5) Margins. There will be pressure on SSP margins. Even absent any changes in auction dynamics, margins would decrease to increase win rate. Supply path optimization may actually mitigate the impacts of margin pressure. As discussed in the SPO Lift Letter, if DSPs ultimately settle on a single SSP, or even a couple, as opposed to using all of them, the ongoing pressure on that SSP will be less. That said, there will still be ongoing margin pressure due to the need to win in the header - and it is likely that DSPs will periodically sample various SSPs to continually optimize their supply path choices. It is unclear what the impact to DSP margins will be.
6) Algorithmic bid throttling. One tool in the SSP war chest for ensuring that DSPs see the best results in working with them is algorithmic bid throttling. This means that the SSP will use various types of analysis to determine whether or not to send any given impression to any particular DSP. The most straightforward example is not sending fraudulent or bot impressions - DSPs should naturally see improved performance. But more generally, this means only sending the impressions that the DSP has a decent chance of winning, or that would likely perform well. This has a doubly positive impact. First, the DSP's costs for accessing a certain publisher are lower because it sees fewer impressions but hopefully still wins roughly the same number of impressions. Additionally, the DSP would only see higher quality impressions so it wins more from a given SSP and would value the inventory from that SSP more highly.

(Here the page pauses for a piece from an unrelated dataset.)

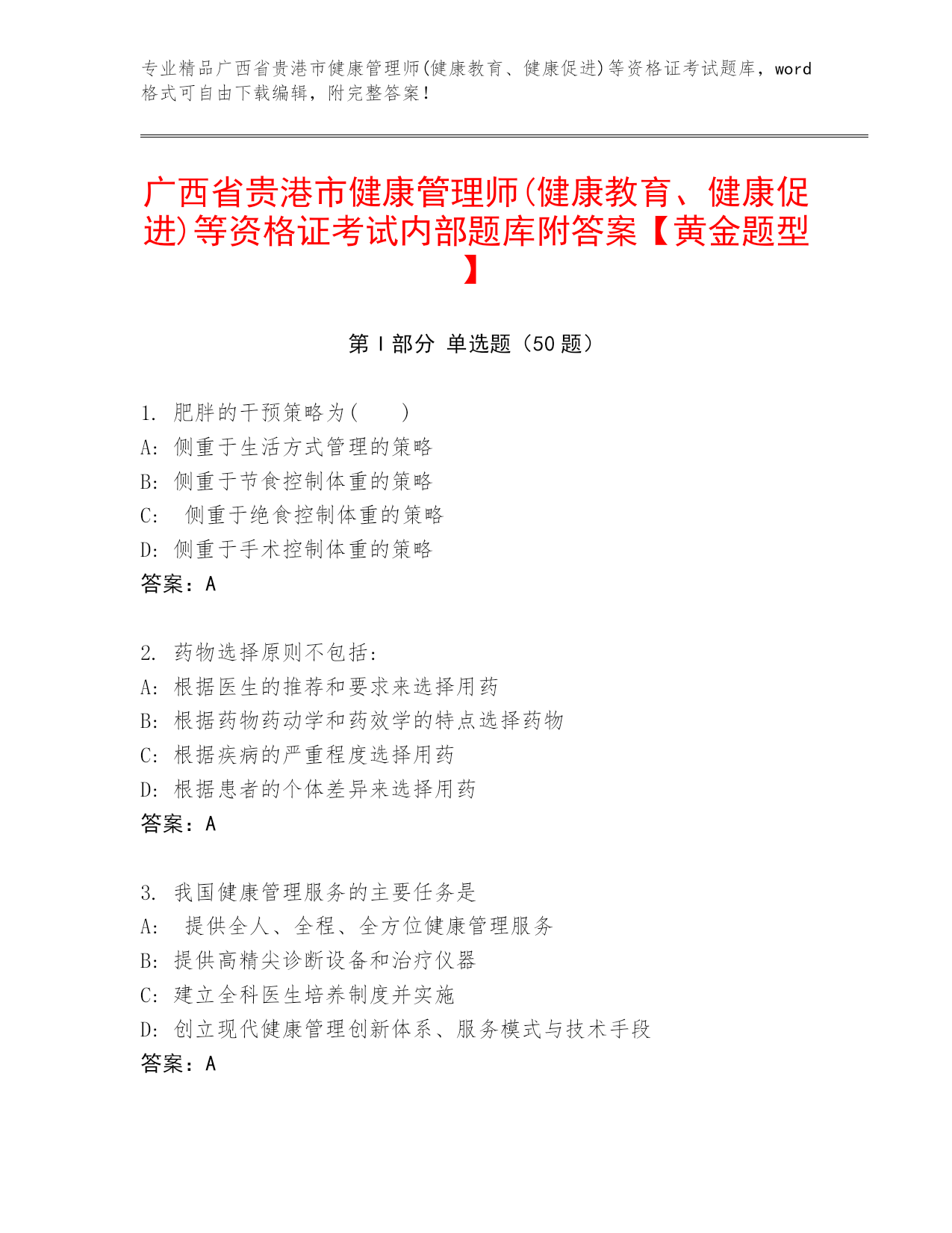 广西省贵港市健康管理师(健康教育、健康促进)等资格证考试内部题库附答案【黄金题型】.docx
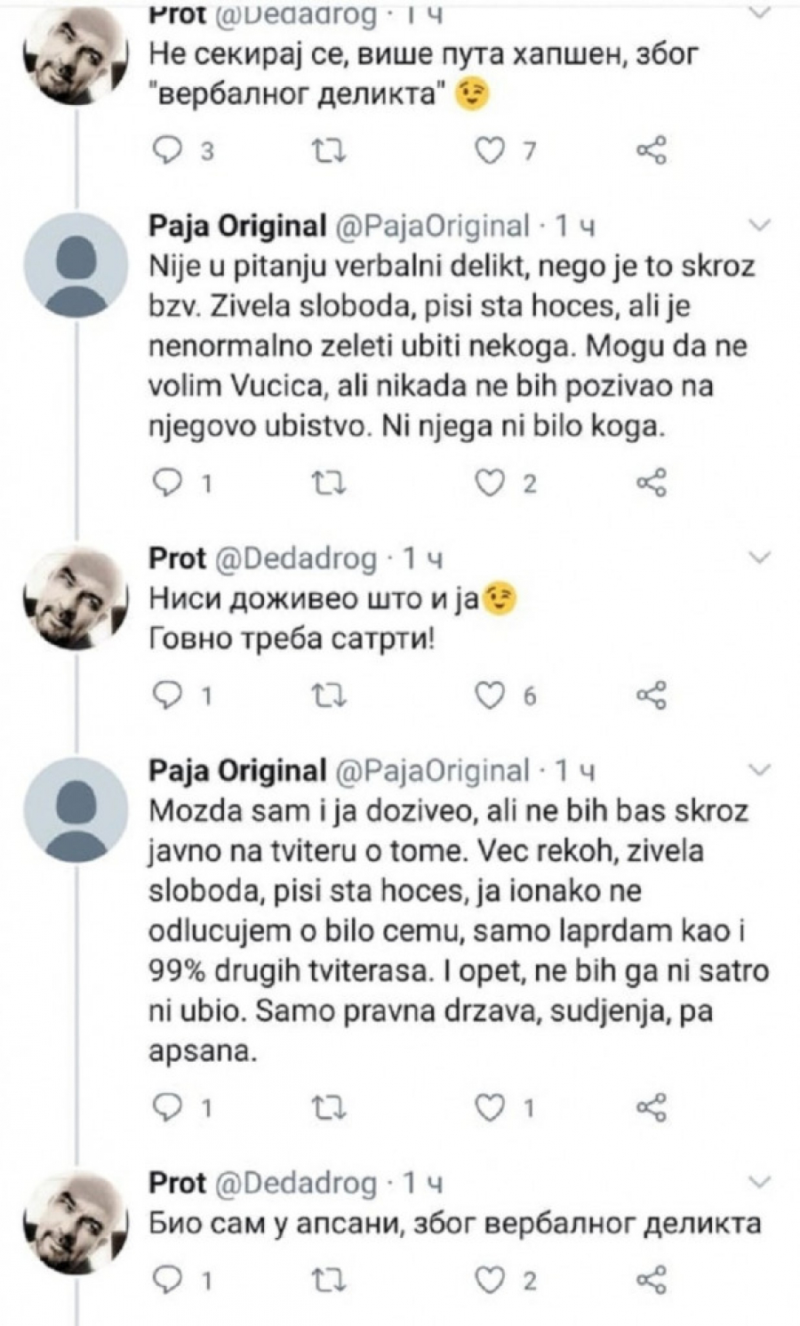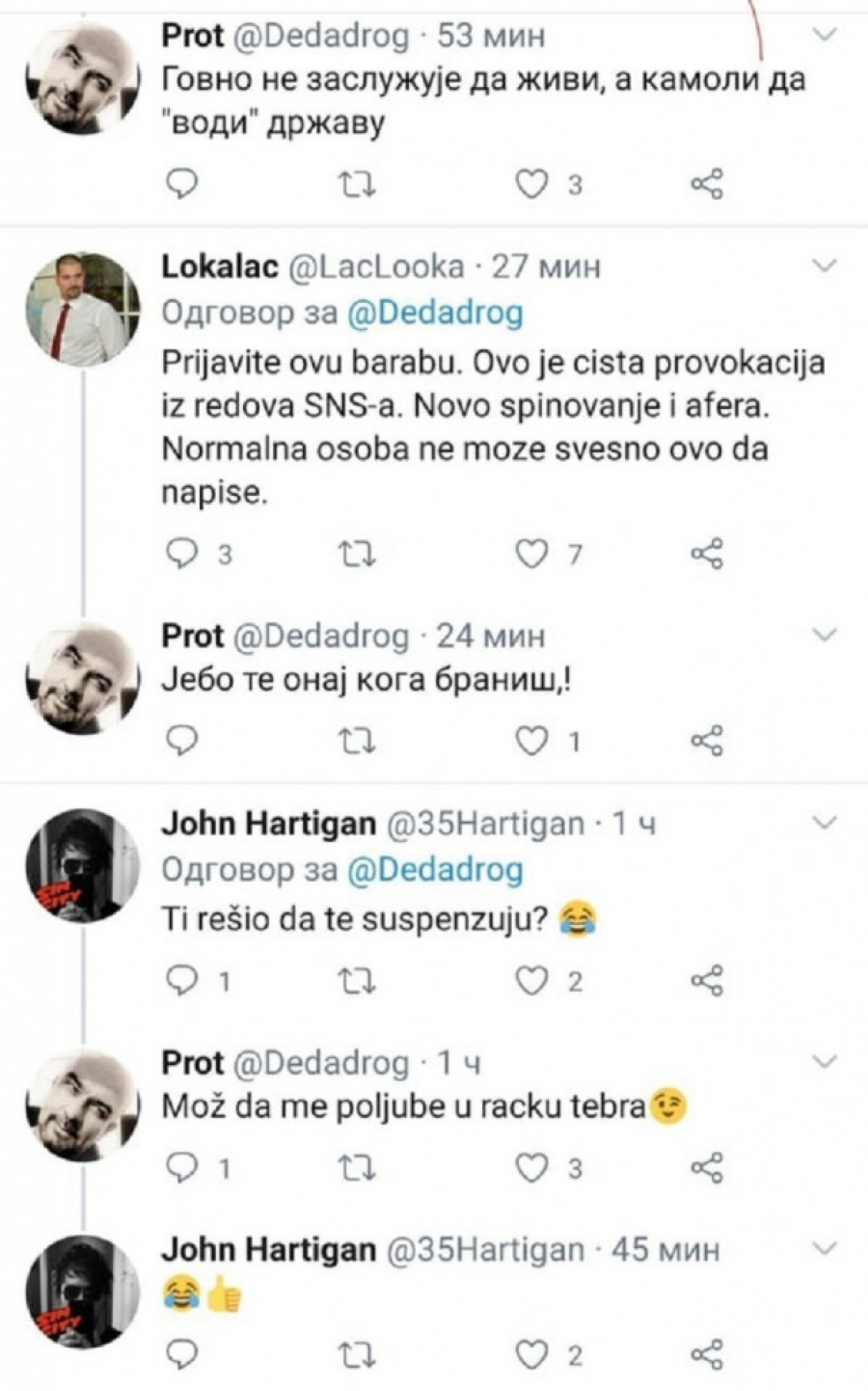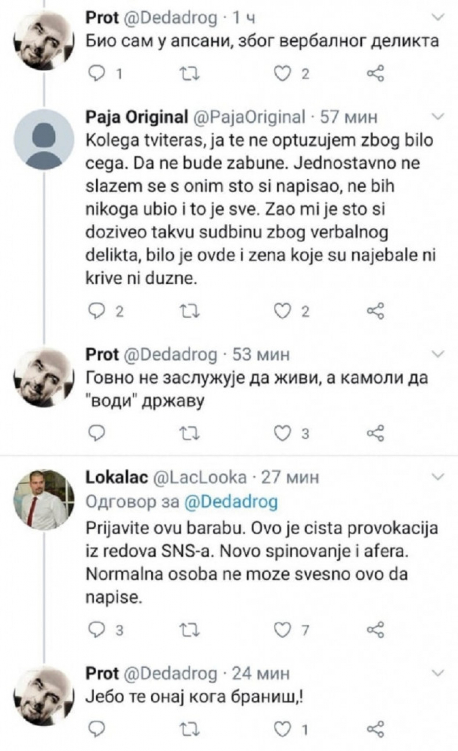 Ovaj lik koji tvituje o ubistvu je verovatno uspavan pogledao sebe u ogledalu i izustio, napisao tvit.Stvarno treba proveriti bezbednosne sluzbe u bolnici ``Laza Lazarevic``.Izgleda da se desila bezanija bolesnika u doba korone.Ludake u bolnicu ili zatvor.

7) Direct-to-header relationships. We have not witnessed DSPs integrating directly at a material level. There are some entities that have been active, including Xaxis, Criteo and Amazon. There are a couple reasons that this may be the case: 1) DSPs do not have the publisher-facing tools like reporting, brand blocking, etc that publishers require; 2) DSPs do not see a material upside from doing so - the cost of having a publisher BD team may not be worth it; 3) DSPs find some value in working with SSPs, including fraud prevention and algorithmic bid throttling; 4) their focus is simply on other things, like OTT video. It's unclear what the correct answer is, but it simply hasn't been observed to date at a significant rate.

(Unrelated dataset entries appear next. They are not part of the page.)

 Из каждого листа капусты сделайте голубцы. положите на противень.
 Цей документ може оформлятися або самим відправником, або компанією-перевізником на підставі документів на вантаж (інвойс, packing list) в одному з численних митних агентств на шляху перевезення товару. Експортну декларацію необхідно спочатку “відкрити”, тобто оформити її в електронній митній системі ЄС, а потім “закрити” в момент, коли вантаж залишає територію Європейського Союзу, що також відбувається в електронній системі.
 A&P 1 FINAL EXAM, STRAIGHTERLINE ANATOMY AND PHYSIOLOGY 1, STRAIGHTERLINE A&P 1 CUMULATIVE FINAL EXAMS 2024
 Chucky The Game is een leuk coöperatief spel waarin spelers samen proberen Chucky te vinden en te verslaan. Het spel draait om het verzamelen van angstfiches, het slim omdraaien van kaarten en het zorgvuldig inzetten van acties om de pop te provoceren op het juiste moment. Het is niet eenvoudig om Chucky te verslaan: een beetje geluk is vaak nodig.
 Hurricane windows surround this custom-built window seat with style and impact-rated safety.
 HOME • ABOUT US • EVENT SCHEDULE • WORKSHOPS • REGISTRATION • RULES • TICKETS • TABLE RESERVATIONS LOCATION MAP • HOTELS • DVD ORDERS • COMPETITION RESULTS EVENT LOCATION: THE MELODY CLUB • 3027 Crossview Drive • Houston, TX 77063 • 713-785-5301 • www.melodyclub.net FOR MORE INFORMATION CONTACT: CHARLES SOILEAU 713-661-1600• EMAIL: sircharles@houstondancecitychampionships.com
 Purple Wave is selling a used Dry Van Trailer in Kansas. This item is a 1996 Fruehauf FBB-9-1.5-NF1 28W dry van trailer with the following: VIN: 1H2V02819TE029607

8) Channels. Currently, header bidding is really only in play for web inventory. It is an eventuality that header bidding will catch on for every type of ad, including mobile app, video, etc. Many focus heavily on the notion of a "header" - meaning the <head> tag in HTML, for a reason why it doesn't work in mobile. This misses the point - header bidding, conceptually, is multiple demand sources competing for a given impression concurrently. In the app concept, this will likely be done either through an SDK that performs multiple ad calls, or through some S2S intermediary. But this seems like the most likely next step.